Feel free to check out our website, send us an email if you felt like you wanted to talk to us about this episode, and my one call to action for you is to follow the podcast so that you can see when our next episode comes out and, if you're really willing to take a step further, share it with a loved one or a neighbor so that, because one third of them have prediabetes and they don't probably don't know it, so maybe they'll get something out of this episode. Most importantly, stay healthy, my friends, until next time. I'm Ed Dolesky.

Speaker 2:

I'm Nicole Rufo.

Speaker 1:

Thank you and goodbye.

Speaker 2:

Bye.

Speaker 1:

This information may provide a brief overview of diagnosis, treatment and medications. It's not exhaustive and is a tool to help you understand potential options about your health. It doesn't cover all details about conditions, treatments or medications for a specific person. This is not medical advice or an attempt to substitute medical advice.
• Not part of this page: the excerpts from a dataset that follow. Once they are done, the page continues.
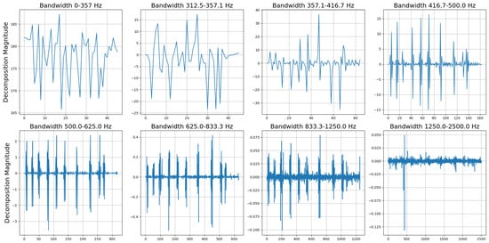 In welding tasks, selecting the appropriate number of decomposition levels is a complex decision that depends on the frequency response of the signal. For example, in this work, the short-circuit nature of the deposition means that most of the frequency response is concentrated within a lower frequency bandwidth. To effectively separate these frequencies, several decomposition levels are required due to the high sampling rate used. In the context of this work, with the sample frequency of 5 kHz, the value of Nyquist frequency is . A 7-level decomposition was performed using a Daubechies wavelet of 4 order. This decomposition resulted in levels similar to those illustrated in Figure 7. From these decompositions, 40 features were extracted for each sensor. Combined with the 5 features obtained from the FFT analysis, a total of 45 features for sensor were derived for a total of 90 features for sample. These features describe each second of deposition and its frequency content, which can subsequently be classified using various machine learning algorithms.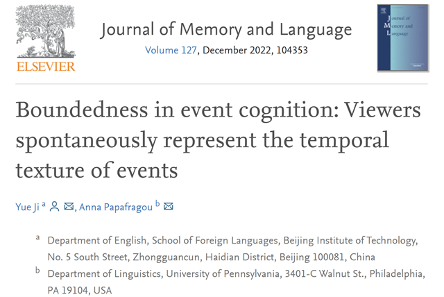 近日,北京理工大學外國語學院助理教授紀悅博士在事件結構的語言與認知方面...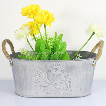 Maceta ovalada de hierro para jardín, maceta con mango de cuerda de cáñamo
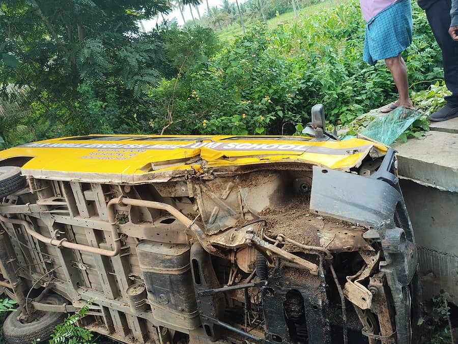 ಬುಧವಾರ ಬೆಳಿಗ್ಗೆ ಶಾಲೆಗೆ ತೆರಳುವ ವೇಳೆ, ಹೊರವಲಯದ ಬಳಿ ಚಾಲಕನ ನಿಯಂತ್ರಣ ತಪ್ಪಿ ಬಸ್ ಹಳ್ಳಕ್ಕೆ ಬಿದ್ದಿದೆ.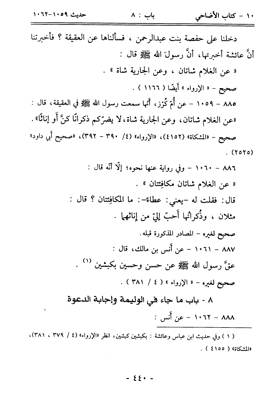 885 - 1059 - عن أُمّ كُرْز، أَنّها سمعت رسول الله - صلى الله عليه وسلم - في العقيقة، قال: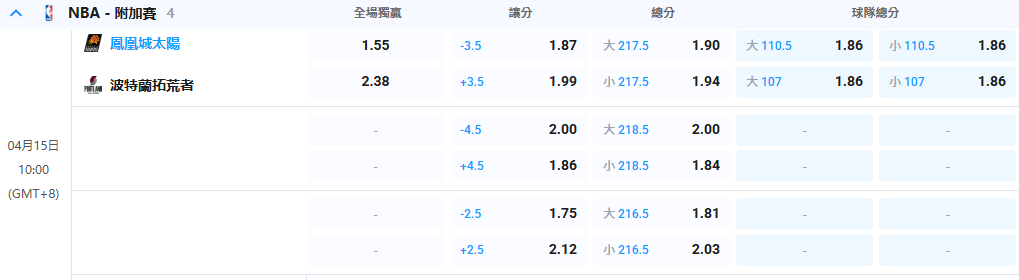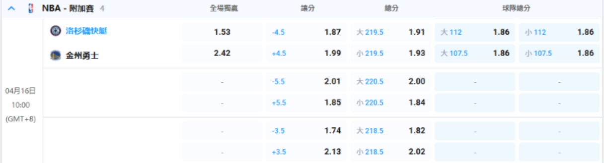 另一場東區重頭戲,76人對戰魔術開出76人「讓1.5分」(賠率1.93),這種極小的讓分代表雙方實力在伯仲之間。考量到魔術隊強悍的防守與76人的球星單打能力,這場建議往219.5的「總分大」方向走(賠率1.87),避開難預測的勝負!西區方面,太陽對戰拓荒者,太陽「讓3.5分」展現了頂級球星碾壓的價值;快艇對勇士開出快艇「讓4.5分」,對於愛玩大小盤與讓分盤的朋友來說,這波盤口真的甜到不行!

You should contact a healthcare provider for personalized guidance based on your unique circumstances. We explicitly disclaim any liability relating to the information given or its use. This content doesn't endorse any treatments or medications for a specific patient. Always talk to your healthcare provider for complete information tailored to you. In short, I'm not your doctor, I am not your nurse, and make sure you go get your own checkup with your own personal doctor.